===== DATASET SECTION =====

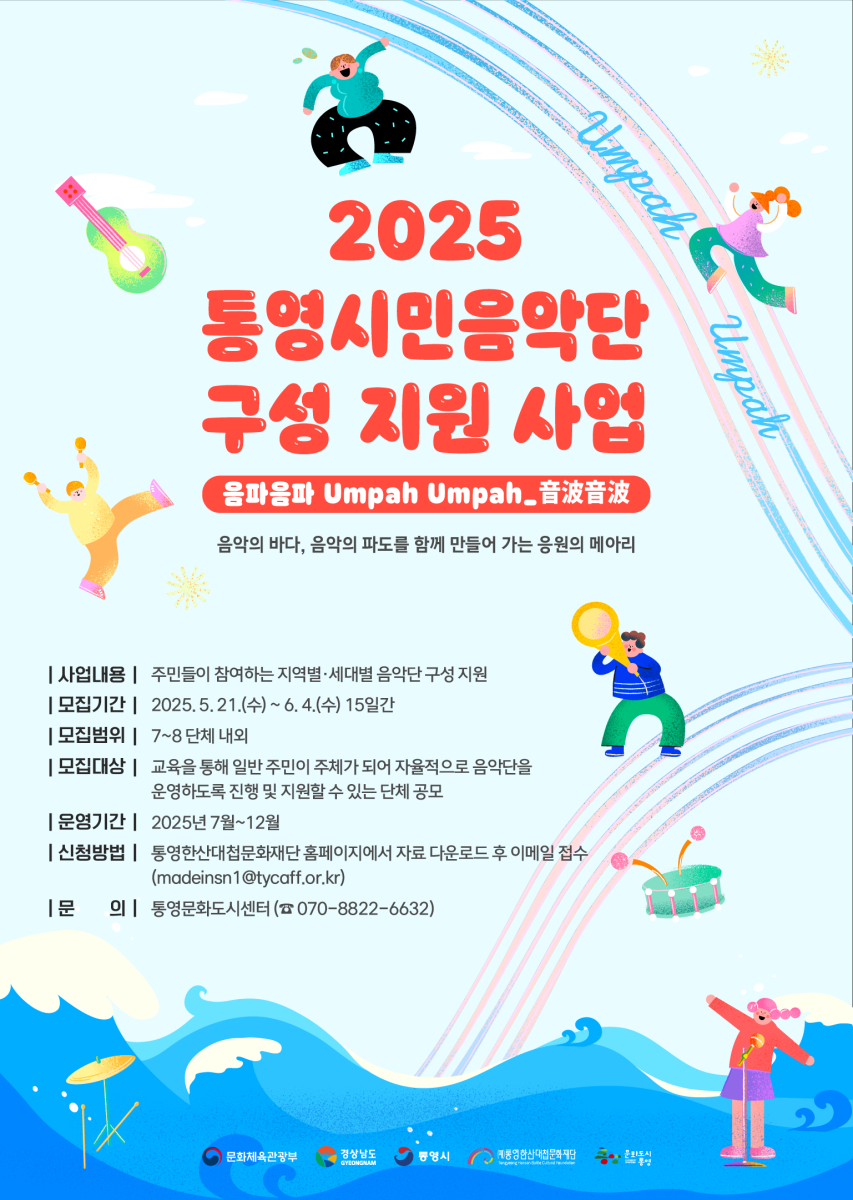 | [공고 제2025-34호] 2025 통영시민음악단 구성 지원사업‘음파음파 Umpah Umpah-音波音波’ 공모 | ||
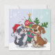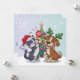 A heartwarming Christmas Day celebration where pets, especially a playful cat and a joyful dog, are the centre of attention. The scene features a cosy living room adorned with twinkling lights, a beautifully decorated Christmas tree, and wrapped presents. The dog is excitedly wagging its tail, wearing a festive holiday sweater, while the cat, perched near the fireplace, playfully bats at an ornament. Both pets are surrounded by stockings, festive treats, and a sense of joy and love, capturing the magic of Christmas through the eyes of our beloved furry friends.
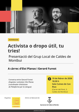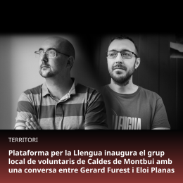 Plataforma per la Llengua posa en marxa un nou grup local de voluntaris a Caldes de Montbui, una iniciativa que pretén fer créixer l'activisme lingüístic i consolidar espais de trobada per promoure l'ús social del català a la vida comunitària i els àmbits quotidians. La presentació oficial del grup local tindrà lloc dijous 19 de febrer, a les 18:30h, a la Sala Cuines de Can Rius de Caldes de Montbui. L'acte es basarà en una conversa entre el filòleg i activista Gerard Furest i el coordinador d'Activisme de Plataforma per la Llengua, Eloi Planas, acompanyats pels membres del nou grup local, que abordarà reptes, oportunitats i estratègies per reforçar la presència del català en tots els àmbits socials i culturals.

=====

[EXERCISE] Repeat the listing verbatim, pictures excluded.

[FINAL ANSWER]
 | [공고 제2025-34호] 2025 통영시민음악단 구성 지원사업‘음파음파 Umpah Umpah-音波音波’ 공모 | ||
 A heartwarming Christmas Day celebration where pets, especially a playful cat and a joyful dog, are the centre of attention. The scene features a cosy living room adorned with twinkling lights, a beautifully decorated Christmas tree, and wrapped presents. The dog is excitedly wagging its tail, wearing a festive holiday sweater, while the cat, perched near the fireplace, playfully bats at an ornament. Both pets are surrounded by stockings, festive treats, and a sense of joy and love, capturing the magic of Christmas through the eyes of our beloved furry friends.
 Plataforma per la Llengua posa en marxa un nou grup local de voluntaris a Caldes de Montbui, una iniciativa que pretén fer créixer l'activisme lingüístic i consolidar espais de trobada per promoure l'ús social del català a la vida comunitària i els àmbits quotidians. La presentació oficial del grup local tindrà lloc dijous 19 de febrer, a les 18:30h, a la Sala Cuines de Can Rius de Caldes de Montbui. L'acte es basarà en una conversa entre el filòleg i activista Gerard Furest i el coordinador d'Activisme de Plataforma per la Llengua, Eloi Planas, acompanyats pels membres del nou grup local, que abordarà reptes, oportunitats i estratègies per reforçar la presència del català en tots els àmbits socials i culturals.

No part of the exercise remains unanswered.